I've got an old EnGenius ESR600 which stopped working on the stock firmware (freezes when it enables the 5GHz radio), so I'm porting OpenWRT to it to see if I can make it useful again. The system consists of:
J2 on the face of the board is a header-less serial port, which I have populated. It's CMOS 3.3V levels, and operates by default at 115200 baud, 8N1.
Although the U-Boot operations documented are only 2 (tftp and flash system code), 3 (boot from flash), and 9 (tftp and flash bootloader code!) it will also accept 1 (tftp to RAM and boot), 4 (enter U-boot CLI).
I have built an OpenWRT initram image that will boot, but I am having trouble with the device tree spec for the Atheros AR8327 setup.
The existing MT7620A based systems with an AR8327 (LR-25G001, TEW-692GR, and WLR-6000) aren't really illuminating!
The initial hint I started from was the U-Boot banner which announces "ASIC 7620_MP (Port5<->GigaSW)", so since that's a well-known way of configuring the system I assume the AR8327 is on port 5 of the SoC's own switch, and is controlled on the MDIO bus.
My first attempts have managed to bring up the internal switch, and one attempt managed to bring up both the internal MT7620 switch and the AR8327, but none of the LAN/WAN ports were active-- "swconfig...show" did not show any ports with link activity indication that changed when plugging/unplugging the ethernet cable, although the device on the other end notes the link active.
Thanks -- yeah, still got the stock firmware in flash (and have the uImage). I do have a shell on it but most of the debug tools are stripped from the image, even to the point they stripped the kernel logging so no boot msgs or dmesg capability.
I had previously taken the stock .DLF file apart and added an "/sbin/cli" script to the squashfs and rebuilt the image so that I could log in (admin) before I found a reference to using "lin17" to get a shell bypassing the missing /sbin/cli. My /sbin/cli script renames /sbin/ifconfig and then execs a shell because if I let it get as far as turning the radio on it's game over -- I guess I should set it up to just ignore the one interface that kills it and I may be able to recreate and install some tools to help dig into it.
I'll have another look at the LR25-G001 and see if it makes more sense now that I have a better understanding of some of the other parts of the system. I'll also go and re-read the DTS for Dummies guide and the drivers for the chips.

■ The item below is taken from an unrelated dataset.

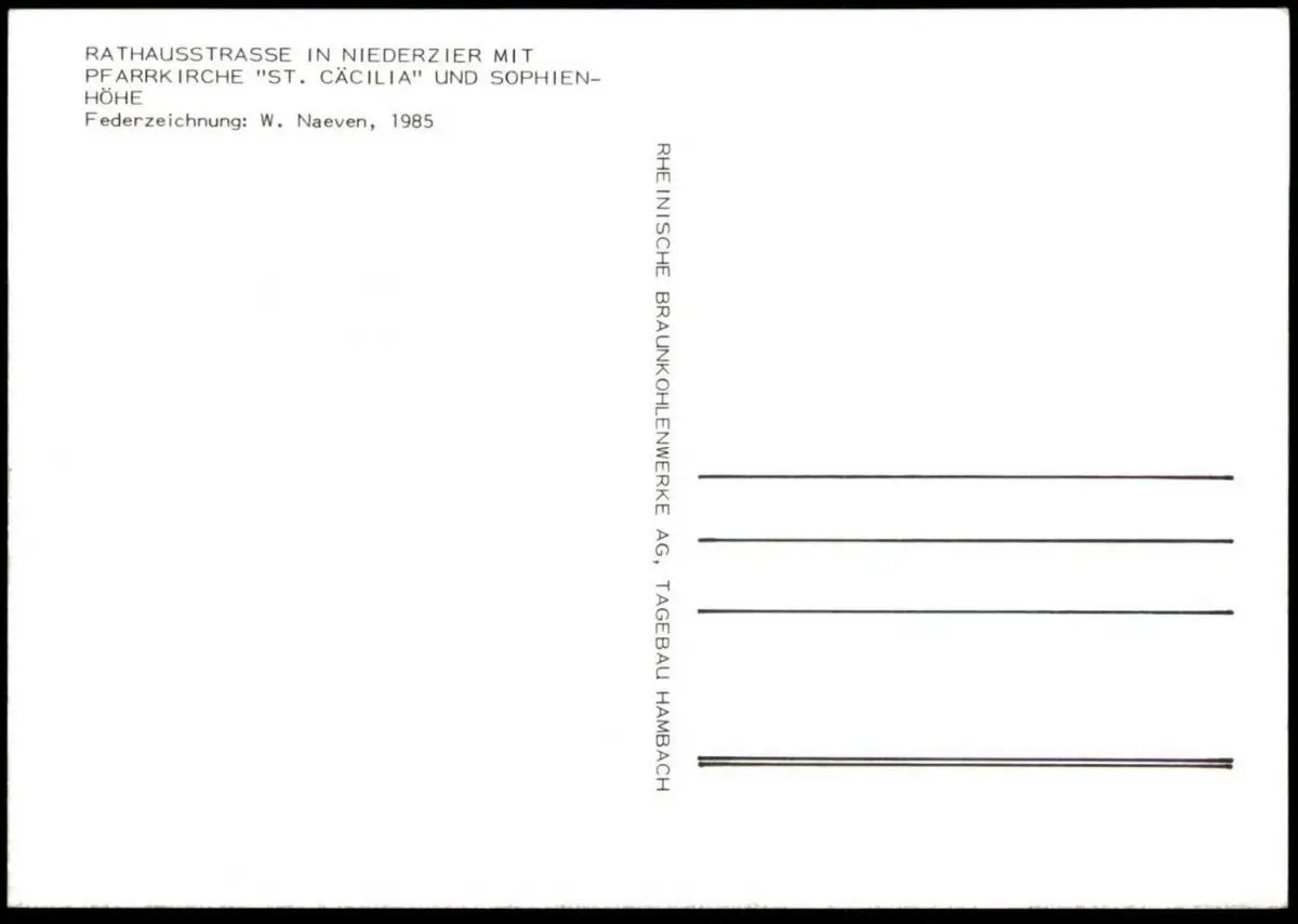 ÄLTERE POSTKARTE RATHAUSSTRASSE IN NIEDERZIER ST. CÄCILIA UND SOPHIENHÖHEVerlag: Rheinische Braunkohlenwerke AG Tagebau Hambach
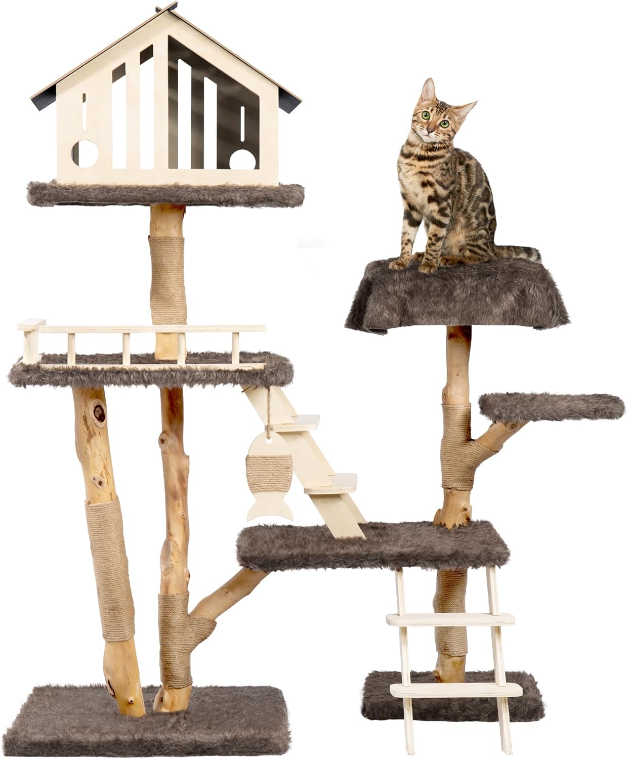 KAMABOKO 69”H Tall Wood Cat Tree, Large Cat Tower Multi-Level Platforms with Sisal Scratching Posts, Cat Condo for Large Cats 20 lbs Heavy Duty (69” H Wood Brown)

The ESR600 is working better now, but not perfectly. I've got the AR8327 switch showing up (though as "switch0 - mdio-bus"), but as with the LR25G001 it has the problem of only the WAN port and two of the four LAN ports working - the working ports are PHYs 0, 1 and 4(wan).
The 2.4GHz radio works, but the 5GHz radio takes down the system when enabled under BOTH the stock and the OpenWRT firmware. I'm guessing probably a hardware problem.
If anyone has ideas about why the AR8327 is behaving like this I'm open to suggestions -- I have already confirmed that the basic "initvals" match the stock firmware configured values. There are a number of magic values in the ar8327.c that I don't have documentation for -- the only data sheet for the chip that I can find appears to document rev2, and this is a rev4 chip, and according to the ar8327.c code there was at least one new register added.
Any guesses on why this is happening? All the PHYs are on the AR8327 switch, but the probing is selecting the 8216/8236/8316 driver for 3 of them (which work) and the Generic PHY driver for 2 of them -- which don't work.
That's a boolean property, so the "= <1>" is not required. But thanks for the suggestion anyway. I dug in to the code a bit more and thought I'd found it in the probe routine where it disallows anything but addresses 0, 3, and 4 -- which matches this observed behavior... so I tried removing that check, and it does indeed point all the PHYs to the AR driver instead of the generic one... but has no actual effect on whether the ports work or not. I think that because the switch looks like a PHY, and then the AR8327 driver code handles its own PHY probing, we end up with the higher level code probing the switch multiple times, which then probes its own PHYs multiple times. Seems like an architectural problem in the driver tree. It works equally as poorly if you only declare a single ethernet-phy on the MDIO bus -- the switch code itself still finds its own PHYs. But, regardless, it doesn't explain the non-functional PHYs yet.
Following up on my own post -- I've decided there is probably preexisting issue in the ar8327 driver that I'm not prepared to track down at this time. Everything else is working, so i've submitted a pull request for the commit with a new device tree and supporting files.